● **Data provided**:
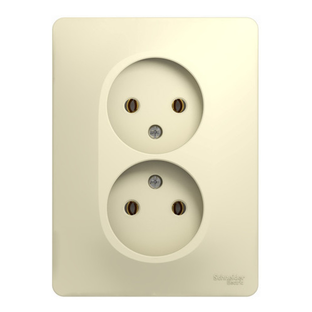 Розетка двойная Schneider Electric Glossa (в сборе, цвет бежевый) без заземления и без шторок подходит для сетей 250 В, на ток 16 А.- Выполнен из материала PС+ASA, стойкого к УФ-излучению и появлению царапин.- Эргономичные клеммы розеток расположены в один ряд.- Двойная розетка позволяет подключить два устройства в одном месте.
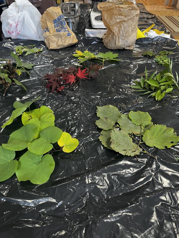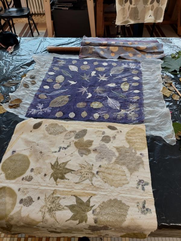 Quelle belle découverte que cet atelier dans un lieu magnifique : des végétaux cueillis à deux pas de l'atelier, du tissu, de la teinture végétale, laissez libre cours à votre imagination en disposant vos feuilles sur le tissu et découvrez ce que la teinture va vous révéler après une cuisson vapeur. Merci Adeline pour ce partage de connaissances et votre bonne humeur.
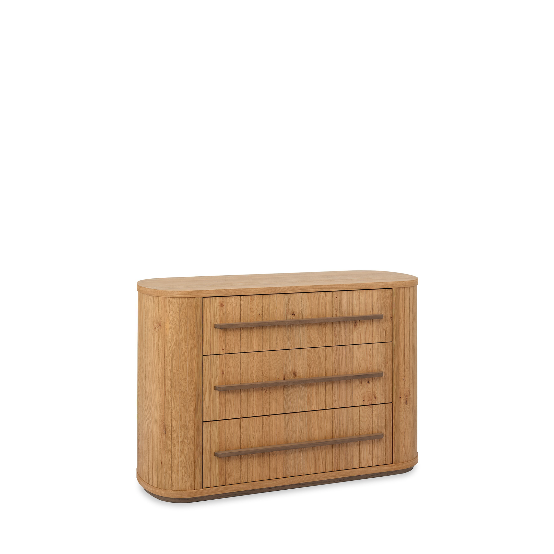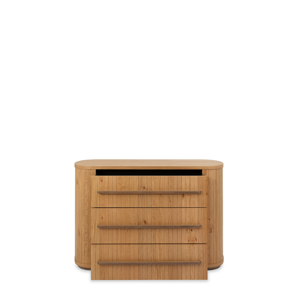The Nova bedroom range brings a sense of crafted character to contemporary spaces, combining knotty oak veneers with a soft weathered finish and expressive grain. At its centre, the bed frame sets a confident tone with turned oak legs and a pearl crushed velvet headboard that introduces texture and contrast. Curved profiles and subtle grove detailing run throughout the range, lending cohesion and balance to each piece. Generous drawer storage is provided through softly contoured chests and elliptical nightstands, available in both three-drawer and open-shelf variations to suit a variety of room layouts and lifestyles. The Dressing Table pairs a central drawer with shelving concealed behind its pillar-like sides, offering a streamlined look with functional detail.

● **Task item**: Reproduce the listing exactly, but omit every picture in it.

● **Your solution**:
 Розетка двойная Schneider Electric Glossa (в сборе, цвет бежевый) без заземления и без шторок подходит для сетей 250 В, на ток 16 А.- Выполнен из материала PС+ASA, стойкого к УФ-излучению и появлению царапин.- Эргономичные клеммы розеток расположены в один ряд.- Двойная розетка позволяет подключить два устройства в одном месте.
 Quelle belle découverte que cet atelier dans un lieu magnifique : des végétaux cueillis à deux pas de l'atelier, du tissu, de la teinture végétale, laissez libre cours à votre imagination en disposant vos feuilles sur le tissu et découvrez ce que la teinture va vous révéler après une cuisson vapeur. Merci Adeline pour ce partage de connaissances et votre bonne humeur.
The Nova bedroom range brings a sense of crafted character to contemporary spaces, combining knotty oak veneers with a soft weathered finish and expressive grain. At its centre, the bed frame sets a confident tone with turned oak legs and a pearl crushed velvet headboard that introduces texture and contrast. Curved profiles and subtle grove detailing run throughout the range, lending cohesion and balance to each piece. Generous drawer storage is provided through softly contoured chests and elliptical nightstands, available in both three-drawer and open-shelf variations to suit a variety of room layouts and lifestyles. The Dressing Table pairs a central drawer with shelving concealed behind its pillar-like sides, offering a streamlined look with functional detail.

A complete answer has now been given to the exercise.